I'm trying to implement the gradient descent algorithm from scratch on a toy problem. My code always returns a vector of NaN
's:
from sklearn.linear_model import LinearRegression
import numpy as np
import matplotlib.pyplot as plt
np.random.seed(45)
x = np.linspace(0, 1000, num=1000)
y = 3*x + 2 + np.random.randn(len(x))
# sklearn output - This works (returns intercept = 1.6, coef = 3)
lm = LinearRegression()
lm.fit(x.reshape(-1, 1), y.reshape(-1, 1))
print("Intercept = {:.2f}, Coef = {:.2f}".format(lm.coef_[0][0], lm.intercept_[0]))
# BGD output
theta = np.array((0, 0)).reshape(-1, 1)
X = np.hstack([np.ones_like(x.reshape(-1, 1)), x.reshape(-1, 1)]) # [1, x]
Y = y.reshape(-1, 1) # Column vector
alpha = 0.05
for i in range(100):
# Update: theta <- theta - alpha * [X.T][X][theta] - [X.T][Y]

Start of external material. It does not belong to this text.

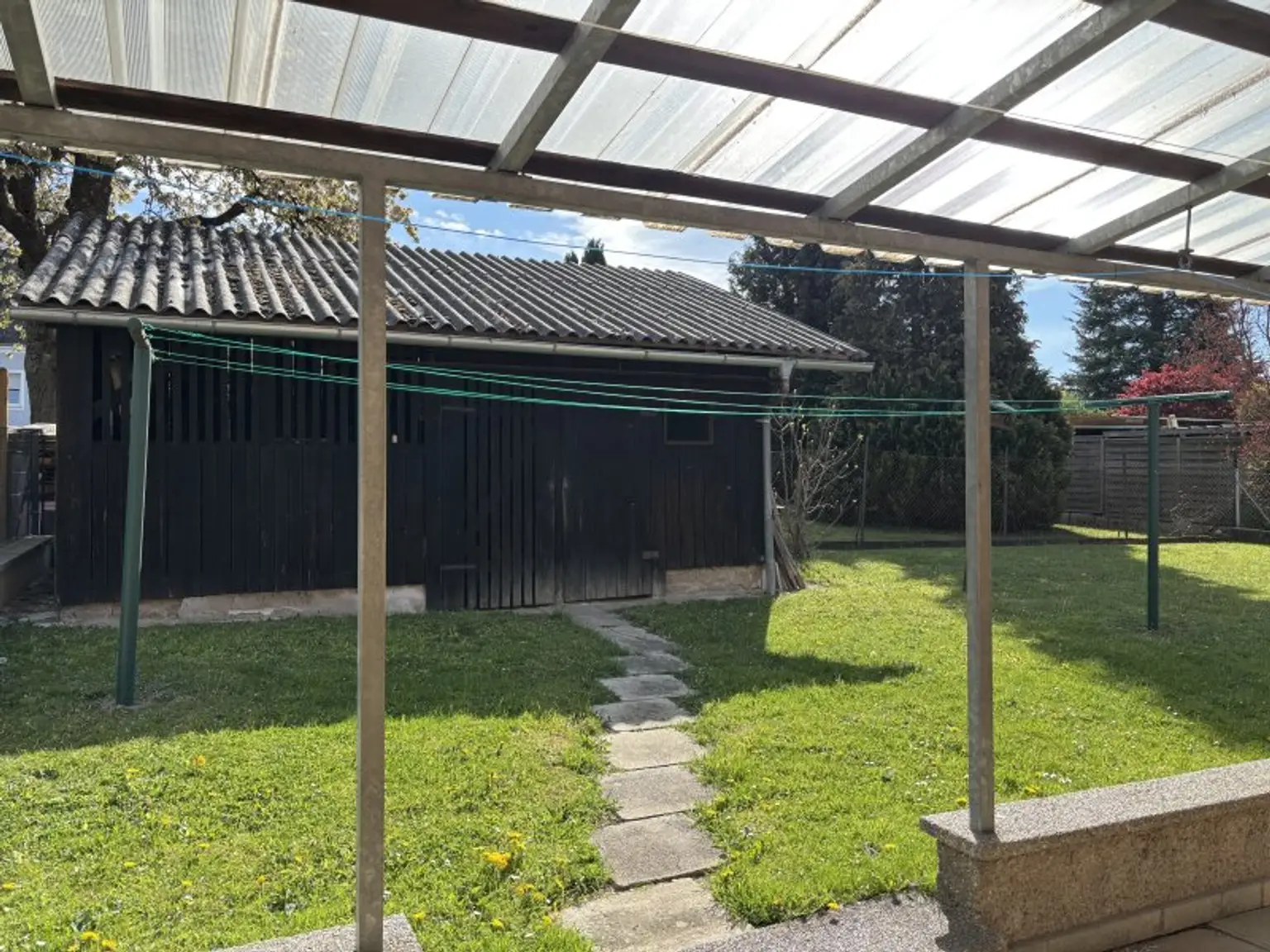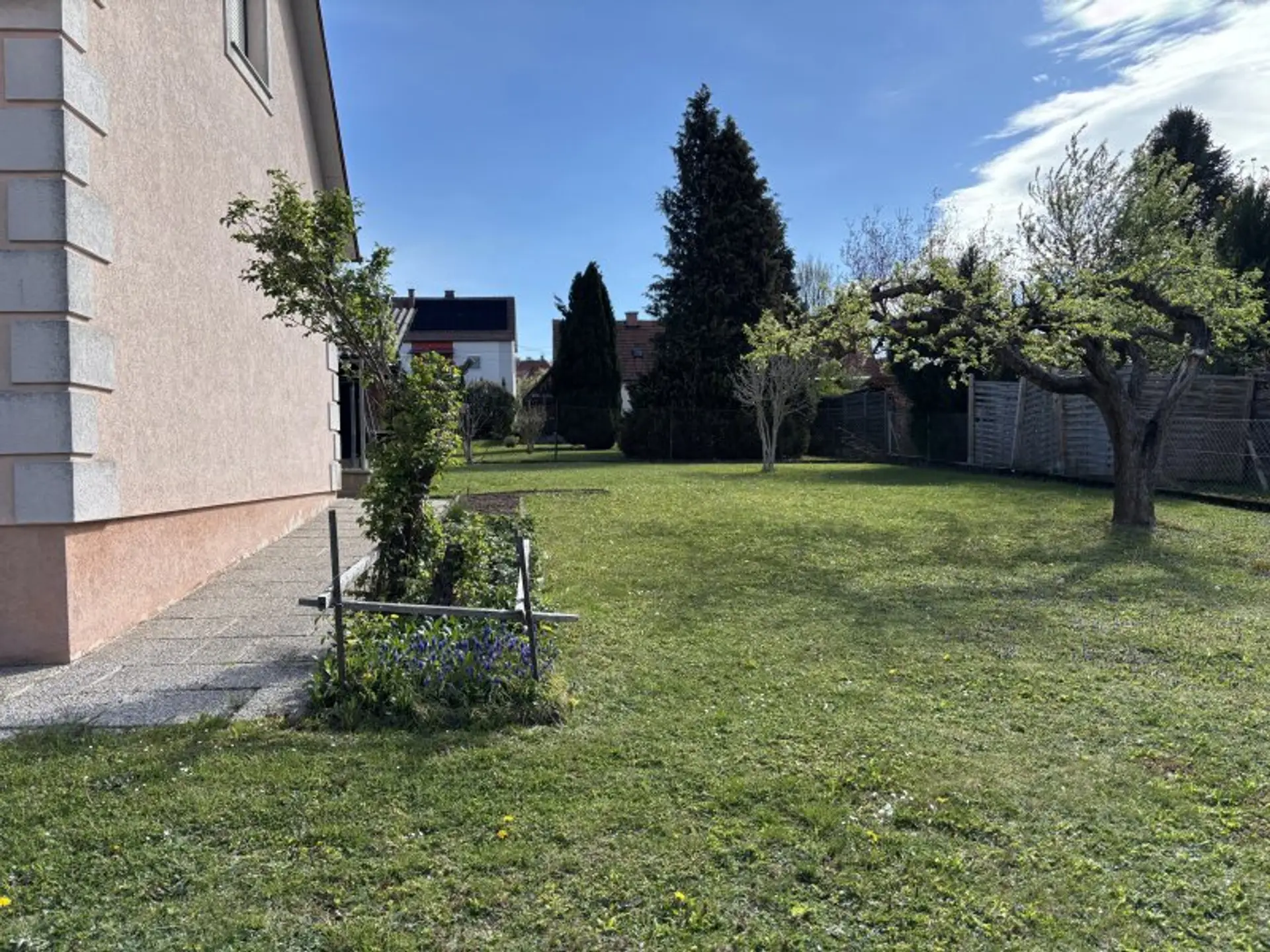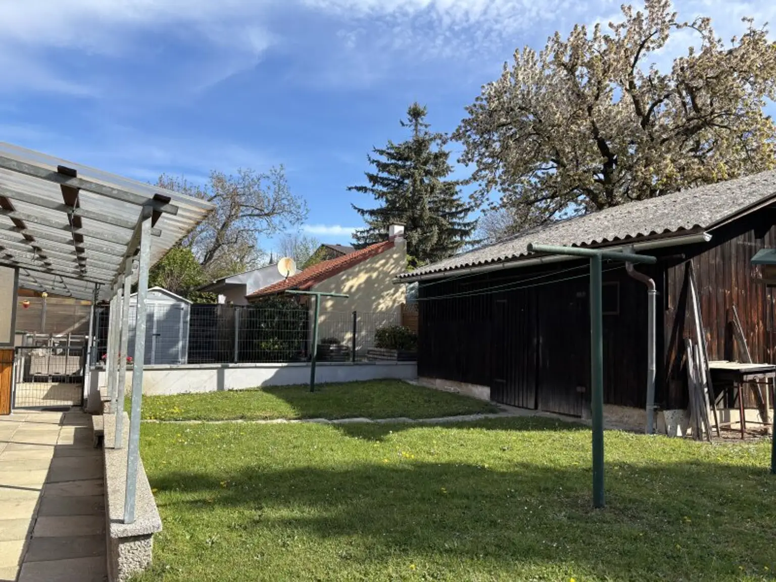 Ein bezaubernder Garten mit einem großen Apfelbaum bietet auch die Möglichkeit ein Carport aufzustellen.

h = np.dot(X, theta) # Hypothesis
loss = h - Y
theta = theta - alpha*np.dot(X.T, loss)
theta
The sklearn
part runs fine, so I must be doing something wrong in the for loop. I've tried various different alpha
values and none of them converge.
The problem is theta
keeps getting bigger and bigger throughout the loop, and eventually becomes too big for python to store.
Here's a contour plot of the cost function:
J = np.dot((np.dot(X, theta) - y).T, (np.dot(X, theta) - y))
plt.contour(J)
Clearly there's no minimum here. Where have I gone wrong?
Thanks